By the 18th he is commander- in-chief of the militia and
admiral of the navy of the State; may grant pardons to all persons convicted of
crimes; he may suspend the execution of the sentence in treason or murder.
By the 19th paragraph he is to see that the laws and
resolutions of the legislature be faithfully executed.
The 20th and 21st paragraphs give the lieutenant-governor, on
the death, resignation, removal from office, or impeachment of the governor, all
the powers of a governor.
By the 27th he [the Governor] is president of the council of
appointment, and has a casting vote and the commissioning of all officers.
The 40th paragraph orders that the militia at all times, both
in peace and war, shall be armed and disciplined, and kept in readiness; in what
manner the Quakers shall be excused; and that a magazine of warlike stores be
forever kept at the expense of the State, and by act of the legislature,
established, maintained, and continued in every county in the State.

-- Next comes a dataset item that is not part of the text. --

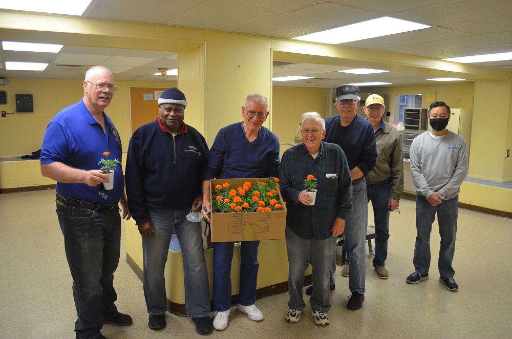 May 08, 2021, Knights potting marigolds in the cafeteria of the Sr. Margaret Bauer Evangelization Center, St. John the Evangelist Catholic Church, Frederick MD. Marigolds will be given to mothers after Mass on Mother's Day as a Mary-Gold pro-life thank you.

Whoever considers the following powers vested in the [national]
government, and compares them with the above, must readily perceive they are
either all enervated or annihilated.
By the 1st art., 8th sec., 15th, 16th and 17th clauses,
Congress will be empowered to call forth the militia to execute the laws of the
union, suppress insurrections and repel invasions; to provide for organizing,
arming and disciplining the militia, for the governing such part of them as may
be employed in the service of the United States, and for the erection of forts,
magazines, etc.
And by the 2nd art., 2nd sec., "The president shall be
commander- in-chief of the army and navy of the United States, and of the
militia of the several States when called into actual service of the United
States. . . . except in cases of impeachment."
And by the 6th art., "The members of the several state
legislatures, and all the executive and judicial officers; both of the United
States, and of the several states, shall be bound by oath or affirmation to
support the constitution."
Can this oath be taken by those who have already taken one
under the constitution of this state? ... From these powers lodged in Congress
and the powers vested in the states, it is clear that there must be a government
within a government; two legislative, executive, and judicial powers. The power
of raising an army in time of peace, and to command the militia, will give the
president ample means to enforce the supreme laws of the land. . . .
42
This paragraph provides "that it shalt be in the
discretion of the legislature to naturalize all such persons and in such manner
as they shall think proper."
The 1st art., 8th sec., 4th clause, give to the new government
power to establish a uniform rule of naturalization. And by the 4th art., 2nd
sec., "the citizens of each state shall be entitled to all the privileges
and immunities of citizens in the several states," whereby the clause is
rendered entirely nugatory.
From this contrast it appears that the general government, when
completely organized, will absorb all those powers of the state which the
framers of its constitution had declared should be only exercised by the
representatives of the people of the state; that the burdens and expense of
supporting a state establishment will be perpetuated; but its operations to
ensure or contribute to any essential measures promotive of the happiness of the
people may be totally prostrated, the general government arrogating to itself
the right of interfering in the most minute objects of internal police, and the
most trifling domestic concerns of every state, by possessing a power of passing
laws "to provide for the general welfare of the United States," which
may affect life, liberty and property in every modification they may think
expedient, unchecked by cautionary reservations, and unrestrained by a
declaration of any of those rights which the wisdom and prudence of America in
the year 1776 held ought to be at all events protected from violation.
In a word, the new constitution will prove finally to dissolve
all the power of the several state legislatures, and destroy the rights and
liberties of the people; for the power of the first will be all in all, and of
the latter a mere shadow and form without substance, and if adopted we may (in
imitation of the Carthagenians) say, Delenda vit America.